The outputs of the ASCVD Risk Estimator are (up to) three risk estimates: 10 year risk, lifetime risk, and optimal risk, all given as a percentage. Since our UKB data only cover approximately 10 years from the first biomarker measurement, we exclusively used the 10 year risk output. We applied the underlying function of the ASCVD Risk Estimator to the corresponding data in UKB and obtained a 10 year risk estimate for 358,650 individuals for whom we also had an ASCVD case/control status. Strictly speaking, the ASCVD Risk Estimator was developed for North American cohorts and based on hard ASCVD but, as seen in Section 3.3, performed very well also in the cohorts of the UKB using the extended definition. Note, however, the current comparison is intended as an illustration of the power of BMRS and not as a rigorous test for deployment (see the Discussion below).

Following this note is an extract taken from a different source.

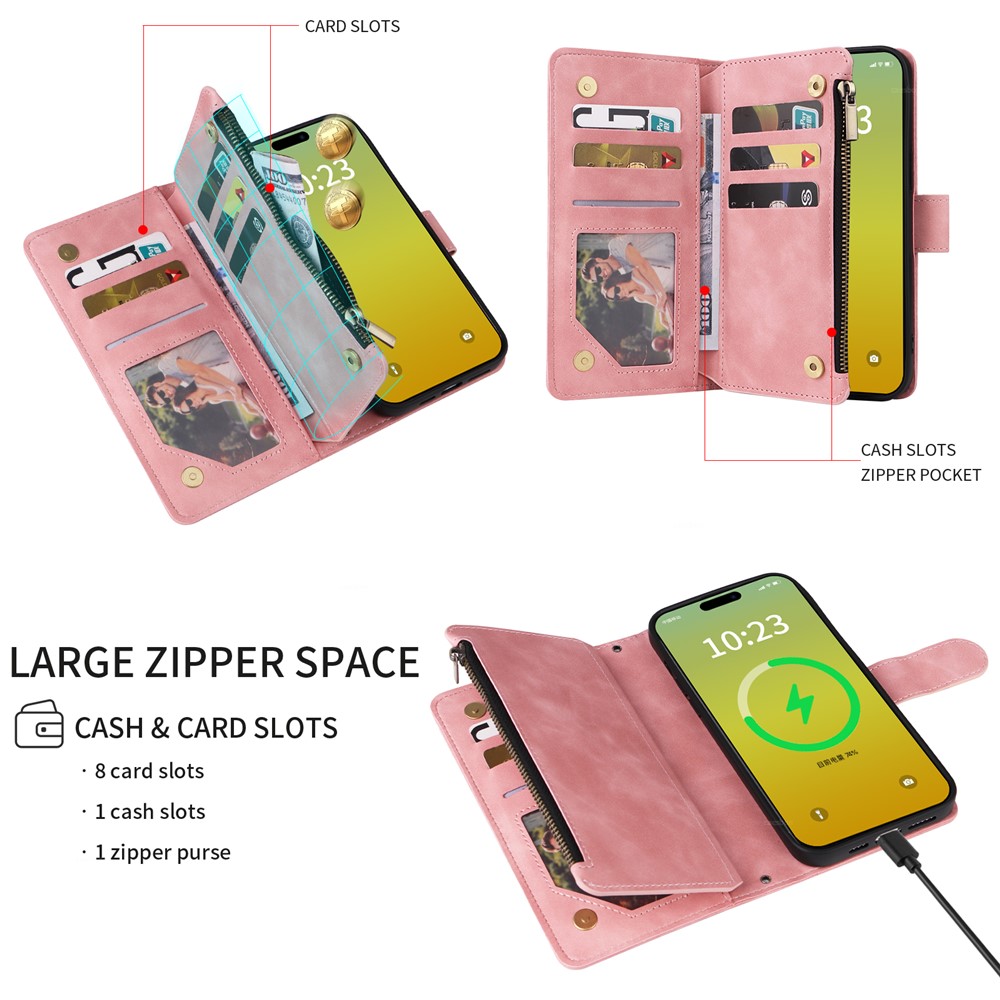 - Wallet Function Designed with multiple card slots and a cash holder, also provides a zipper pocket, making it easy to hold essential cards, coins and cash

We then trained a BMRS predictor on case/control status, analogously to Section 2.2, but using ordinary linear regression on the z-scored biomarker measurements. This outputs a risk score which we mapped to absolute risk estimates in percentages as follows. The risk scores obtained from applying the predictor on the training data were binned and, within each bin, the disease prevalence was calculated from the case/control statuses as an estimated risk for samples with the corresponding risk scores. This discrete mapping was then made continuous using rolling averages and linear interpolation. For details see Supplementary Information.

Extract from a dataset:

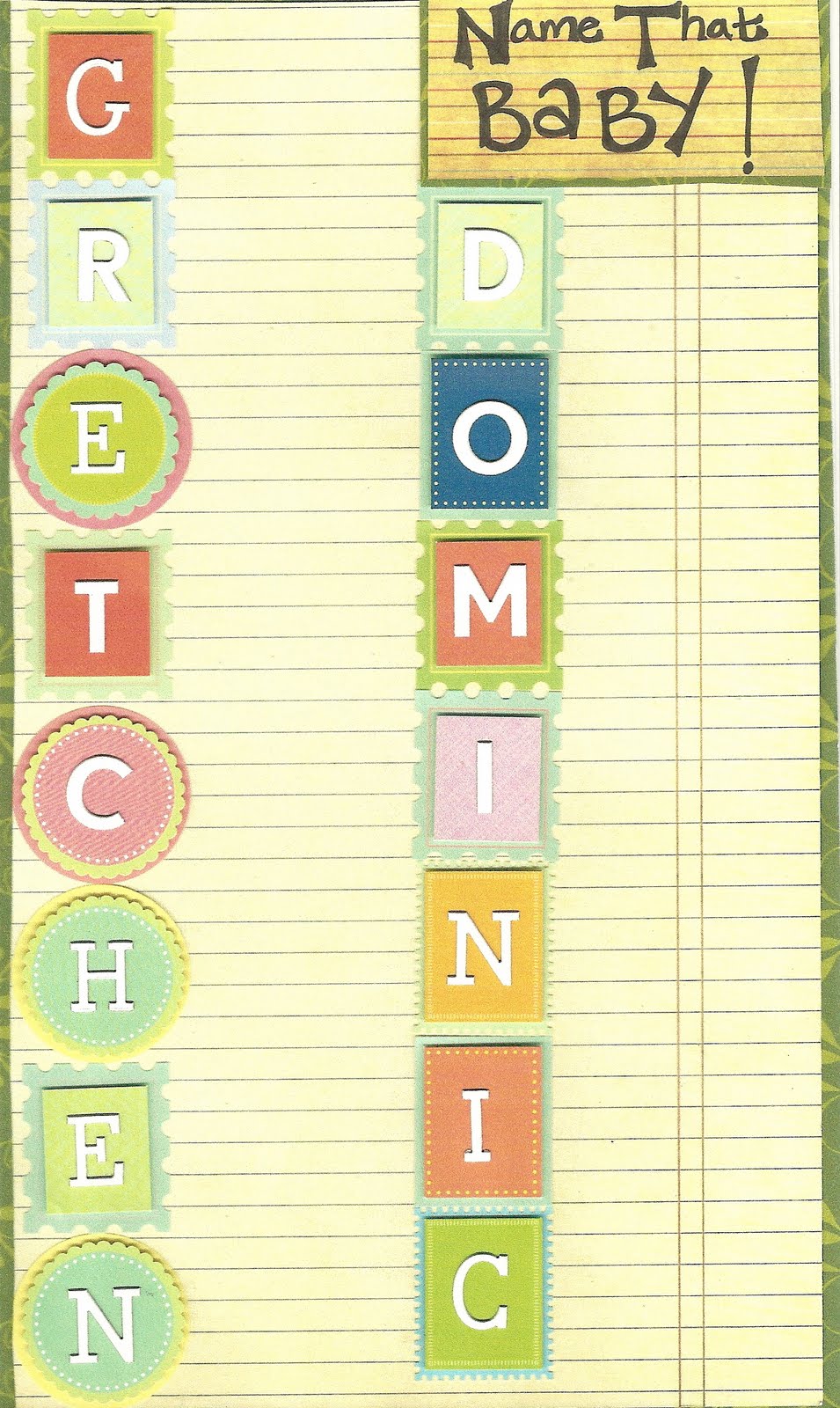 Each guest was given a copy of the above game card. And yes, in true Leah fashion they were homemade and simply adorable. Everyone was then told to think of girl names for all the letters in GRETCHEN and boy names for all the letters in DOMINIC. When time was up everyone shared the names they had come up with. If two people had the same name, they lost their point … so uniqueness was a big factor. Which is probably why we got names like Ichabod :)

Combination of Predictor from Biomarkers and the ASCVD Risk Estimator
In the results Section 3.3, we show that the ASCVD BMRS predictor and the ASCVD Risk Estimator are making complementary predictions. We, therefore, also tested a combination of them. We made a linear regression on all the input features from the two predictors combined (65 continuous and 8 discrete variables), z-scoring the discrete variables from the ASCVD Risk Estimator input such that everything was on the same scale. In addition, we made a second regression also including the output of the ASCVD Risk Estimator to capture the non-linearities within that function. These regressions were made and evaluated on the same training and evaluation sets as for the BMRS predictors.
3. Results
As with the section of Materials and Methods, we present the results for PGS, BMRS, gBMRS, and the ASCVD comparison in separate subsections.
3.1. Predicting Biomarkers from SNPs
The performance of the PGS predictors ranges from the highest phenotype-PGS correlation for a polygenic predictor we are aware of to no predictive power whatsoever. We present the results in order of correlation within European ancestry in Figure 3. The best performing predictor is for lipoprotein A at a correlation of ∼0.76. This is not too surprising as lipoprotein A levels are well-known to be highly heritable [97,98,99,100], related to the LPA gene and other loci [101,102,103,104,105,106,107,108,109,110], and, thus, do not greatly vary by life style or environment. Lipoprotein A has long been studied because of its association with CAD, atherosclerotic risk, liver problems, metabolism, and even cancer. Further discussion can be found in the review [111]. Yet, it is a striking example of predictive power: previous PGS have found much lower correlations for other traits. For example, height (∼0.62 [55,112]), BMI (∼0.35 [54,112], ∼0.30 [15]), educational attainment (∼0.27 [55], ∼0.35 [113]), and heel bone density (∼0.45 [55], ∼0.42 [114]). After lipoprotein A, we find correlations almost evenly distributed within the correlation range 0.1 to 0.59 and a group of 7 almost uncorrelated biomarkers at the bottom. In the same Figure 3, we have included the performance within the non-European ancestries. Being trained on European ancestry only, the predictors suffer the now familiar [90,91] fall-off pattern according to genetic distance, with performance generally being successively worse for South-Asian, East-Asian, and African ancestries.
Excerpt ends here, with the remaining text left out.